Six months after Islamic State militants overtook Mosul, northern Iraq's second largest Christian city, citizens are left suffering from a lack of clean water, proper heating, and a shortage of medicine.
In June, ISIS militants invaded the city and large areas of Iraq and Syria in June, forcing Iraqi forces to flee and promising a new, "better" life under an Islamic caliphate.
However, government officials and residents of Mosul paint a far darker picture of life under ISIS rule.
"The economic conditions in ISIL-held territory, including Mosul, have deteriorated since ISIL's offensive in June," writes Jen Psaki, spokesperson for the US Department of State.
"Electricity provision has declined, fuel and food prices have spiked, clean water is in short supply, and trade and local commerce have been disrupted," she added. "Many government workers have also been unable to collect their salaries, and ISIL routinely taxes and extorts funds from households and businesses," she added.
"The impression given in IS propaganda is a group offering a better quality of life than before that is also more just for locals," said Aymenn al-Tamimi, an expert on jihadist organizations, according to the Daily Star.
But "the hardships of the locals certainly undermine IS claims to be a state meeting the needs of the people and offering them real security," he said.
One of the largest problems to develop under ISIS rule is the "disruption of water treatment stations," or the lack of clean water.
"The biggest and most dangerous problem now is because of our harsh circumstances and the absence of services," said Abu Ali, a citizens of east Mosul whose wife is currently sick due to the contaminated water.
A water treatment official in Mosul explained that most government employees skilled at basic services were forced to flee the country after ISIS invaded.
"Treatment stations are old and the water distribution networks are damaged," he said, adding that there was now a shortage of workers as well.
Mosul General Hospital is reportedly overrun with patients afflicted with stomach and intestinal infections and hepatitis due to the contaminated water--but there are no supplies left to treat them.
"Communication with government institutions has been cut and we have not received any budget to allow the provision of the medicines we need," said an official in the Ninveh provincial health department.
Umm Mohammed, a resident of west Mosul who brought her 10-year-old son to Republican Hospital for treatment, said: "There is a major shortage of medicine needed to treat these sick people.
"The roads are closed and Mosul has turned into a big prison that we can't leave," she said.
Life in the city is deteriorating for its residents at a terrifying rate, says a man who recently fled Mosul for Irbil.

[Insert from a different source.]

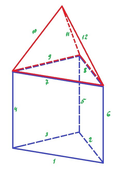 Значит у нового многогранника будет на 3 ребра меньше, чем у призмы и пирамиды вместе взятых.

Citizens are forced to rely on local generators for their electricity, and the oil they are forced to use is of poor quality and ruins the engines it is used to power.
"My people cannot live this way for much longer," he said.
"ISIS promised us heaven, but they brought a living hell. I was one of the people who hated [Nouri al-Maliki's] army, but now I would like the Iraqi army to come back," he says. "People in Mosul would welcome them. Anybody would be better than Isis, even the Israelis. We are dying."